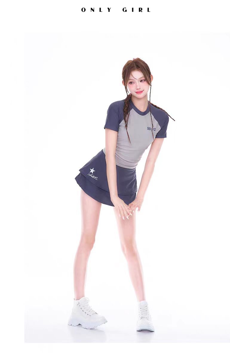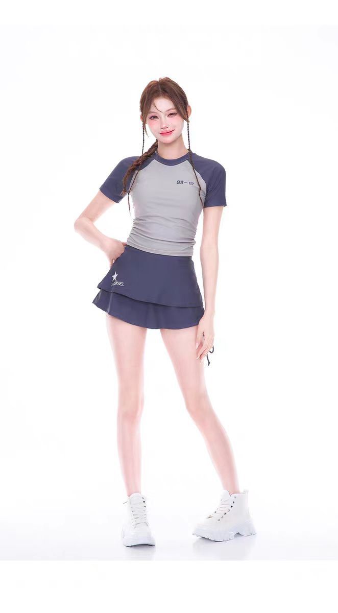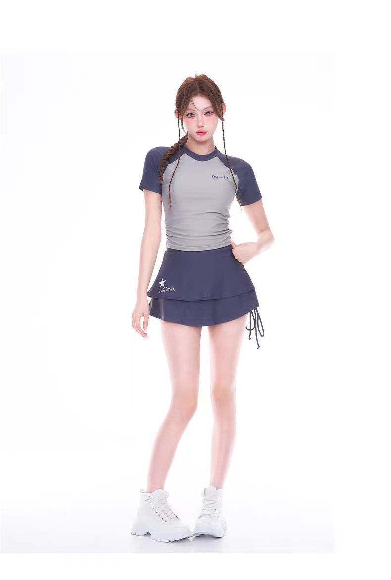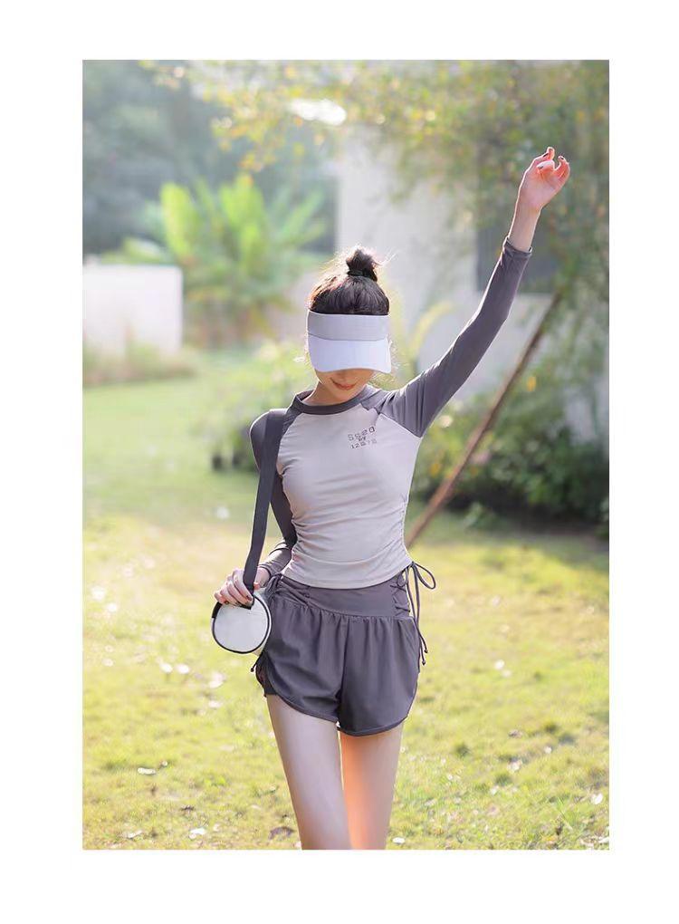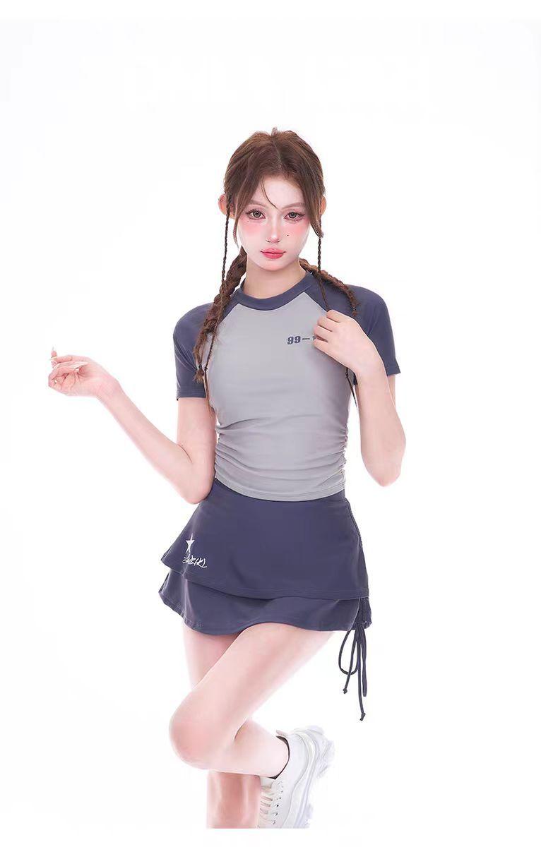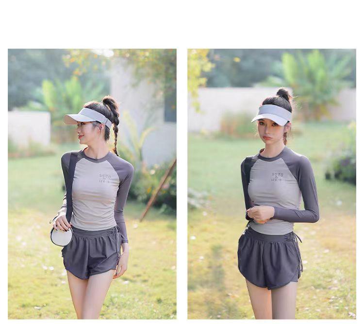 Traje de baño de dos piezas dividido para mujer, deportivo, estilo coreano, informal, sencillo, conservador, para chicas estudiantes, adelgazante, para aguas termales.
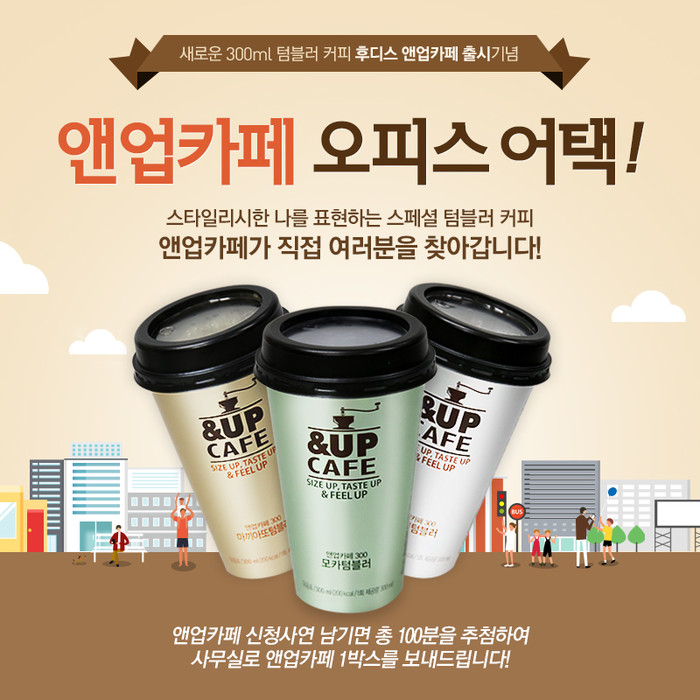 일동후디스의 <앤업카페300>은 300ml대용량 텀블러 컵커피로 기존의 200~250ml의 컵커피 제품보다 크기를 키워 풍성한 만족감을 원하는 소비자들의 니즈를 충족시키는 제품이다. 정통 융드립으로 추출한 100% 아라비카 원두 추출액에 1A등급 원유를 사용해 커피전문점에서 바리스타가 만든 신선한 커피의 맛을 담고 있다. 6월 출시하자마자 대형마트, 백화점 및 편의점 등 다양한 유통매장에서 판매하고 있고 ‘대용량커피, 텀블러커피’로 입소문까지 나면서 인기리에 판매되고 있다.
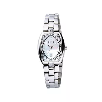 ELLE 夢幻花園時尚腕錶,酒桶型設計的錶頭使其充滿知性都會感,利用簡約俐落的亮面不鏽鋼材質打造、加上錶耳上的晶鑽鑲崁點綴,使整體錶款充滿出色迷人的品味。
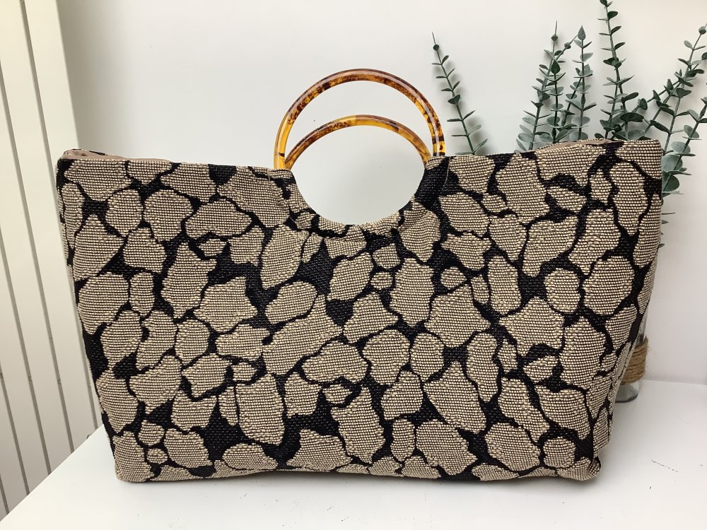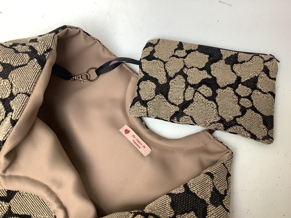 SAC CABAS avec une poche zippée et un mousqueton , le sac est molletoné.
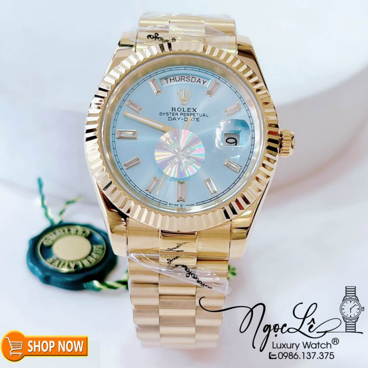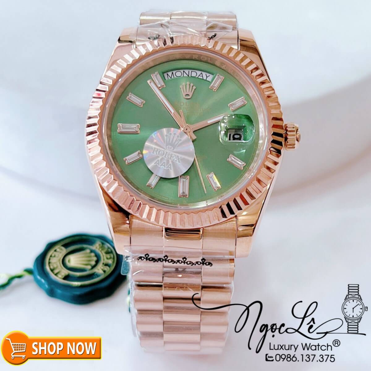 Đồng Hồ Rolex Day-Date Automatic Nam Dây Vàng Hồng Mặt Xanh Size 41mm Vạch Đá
━━━━
* TASK TO CARRY OUT: An exact copy of the lines from the one with "SAC CABAS avec" through the end of the records: produce that and nothing more, leaving out the pictures.

* SOLUTION TO THIS PROBLEM:
 SAC CABAS avec une poche zippée et un mousqueton , le sac est molletoné.
 Đồng Hồ Rolex Day-Date Automatic Nam Dây Vàng Hồng Mặt Xanh Size 41mm Vạch Đá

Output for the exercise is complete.